Source: Intro Music by Mark Hannan; Public Domain Gears Public Domain http://www.clker.com/clipart-gears.html
[MUSIC PLAYING] Welcome this episode of Sociology Studies of Society. Today's lesson is on Davis-Moore thesis. As always, don't be afraid to pause, stop, rewind or even fast forward, to make sure you get the most out of this tutorial.
So today I'm going to be explaining for you the Davis-Moore thesis, and some criticism of this thesis. So the Davis-Moore Moore thesis, really you can put underneath the umbrella of the structural-functional approach. And, as you've learned, the structural-functional approach is this idea that society is really this complex system, and all these things in the system work together, even bad things, to make the system work.
So what Davis-Moore says in their thesis is that social stratification, the inequality that happens in society, is actually good for society. It's an important part of society working. And they have four different reasons why they think this inequality, this social stratification, is good.
So they argue the first thing is that this inequality really helps place importance on important jobs. If you look at a doctor and a janitor, this thesis-- part of this argument is that, well, we as a society, we want to show that doctors are more important than janitors. That differentiation between the doctor and the janitor is actually good because it's helping show what's important for our society.
They also argue that this social stratification comes from the requirement of having skills and more knowledge. So society, that stratification-- when you look at that doctor and the janitor, well, being a doctor requires a lot more skills. It requires a lot more knowledge. So we need to differentiate them. That difference between the doctor and the janitor is, again, OK. Because there's a big difference in what skills they require to do those jobs.
Similarly to that, there's also a difference in what the actual acquiring of skills. So not everyone can be a doctor, especially if you're looking at a really advanced form of brain surgeon. There is very specific skills and knowledge you need to be a doctor. The Davis-Moore thesis says, well, not everyone can be a doctor. So that's stratification saying, well, look. It's OK that it's different because only a small group can be doctors.

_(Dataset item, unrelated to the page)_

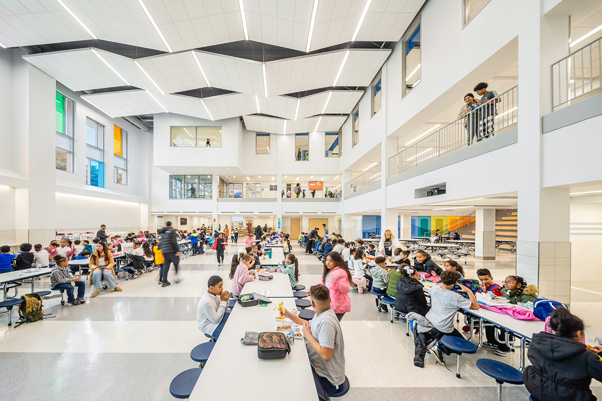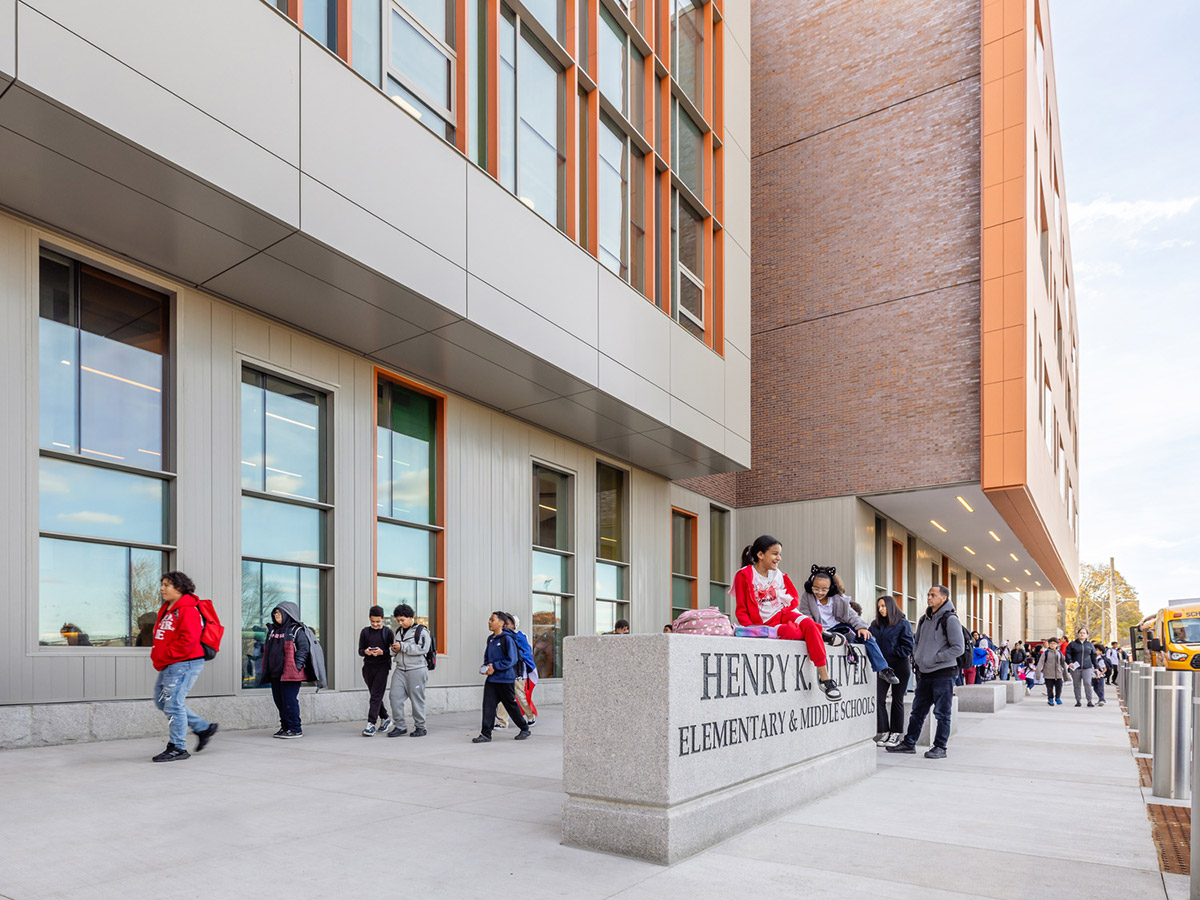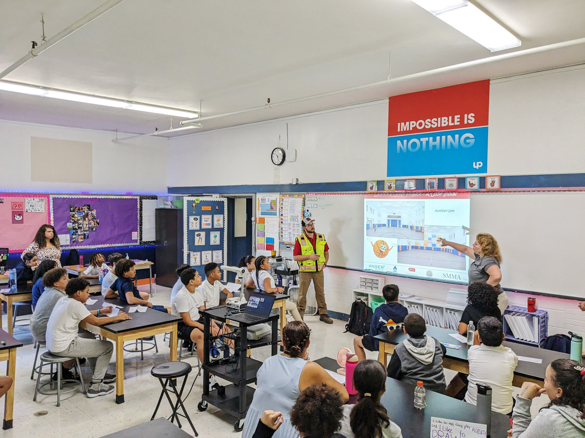 In September 2023, as demolition and construction was in full swing, SMMA’s team gave a bi-lingual Q&A with four classes of 6th graders about their new school. These students are set to be the first graduating 8th grade class of the new Henry K. Oliver. The team discussed everything from the building systems to the 4' thick slab – but what drew the loudest cheers on this 86'F day was the news that their new school will be fully air-conditioned.
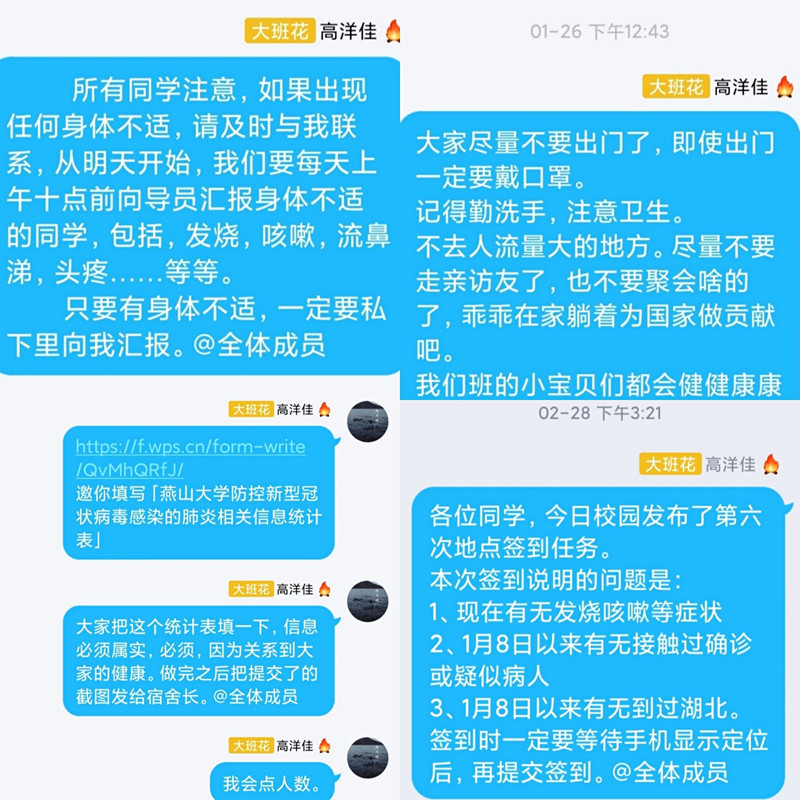1月中下旬开始,辅导员老师每天都会在群里转发很多关于疫情的推文,同时公司的一些规定也在不断地发生着变化,从不能提前返校到不能返秦返校,从统计同学的家庭地址到每天做晨午检监测。从春节开始,作为班长,她积极全力配合公司、公司、辅导员老师的工作。每天统计班级成员信息,时刻了解班级成员的身体情况,并及时给辅导员上报异常情况。联系不上同学本人时,有时还要联系家长,目的就是在工作中保证收集到的班级中每个人的信息及时准确。为照顾部分情绪紧张同学,高洋佳积极沟通,缓解其紧张,将工作做到丝毫不漏。

The last point here is that we have to reward people in society. So that doctor-- we're trying to reward that doctor for being a doctor. We need to reward them as a society, reward what we think merits reward. So that's the basics of the Davis-Moore thesis.
Now there are some criticism of the Davis-Moore thesis. So the first question there is, what is actually important? Again, the Davis-Moore thesis is saying that we have different jobs and some are more important than others, and that a doctor is more important than a janitor. But what really is important? I mean, would our society function without people that cleaned and took care of buildings?
Or if we take another profession-- we took a police officer and a doctor-- there's a major difference there between those two groups. But which is actually more important for society, the police officer or the doctor? Next question there is do financial rewards match the importance or do they guarantee performance. So what that question is saying is, in some situations this social inequality does not match what we even think was important.
Very few people would say that professional athletes are the most important people in society. But professional athletes make considerably more than many, many people in society. The second half of that question is there, does it guarantee performance? A lot of the social stratification that happens in our modern society, it happens regardless of how well people do. I should say, relatively regardless. Maybe the excellent doctor who makes a little bit more, but still very, very on a totally different level from the best janitor or the best police officer.
The last question there is does social stratification correlate with anything else. And this criticism is really saying, is there's a lot of different things that have to do with social stratification that don't have to do with anything they talked about-- someone's race, their ethnic background, how wealthy their parents were, how much education their parents got. All those things really strongly play into what social class you end up in.
Well, if those things are so strongly correlated, then how come they don't fit into their thesis? It's really ignoring the fact that if you're African-American you're much more likely to be poor than if you're white. And it doesn't have to do with the individuals that are-- as they're born black or white. It has to do with the way our society treats people who are black and white.
So today's takeaway message-- today we just looked at the Davis-Moore thesis, and that's a theory that argues that social stratification is good for society. Well, that's it for this lesson. Good work. And, hopefully, you'll be seeing me on your screen again soon. Peace.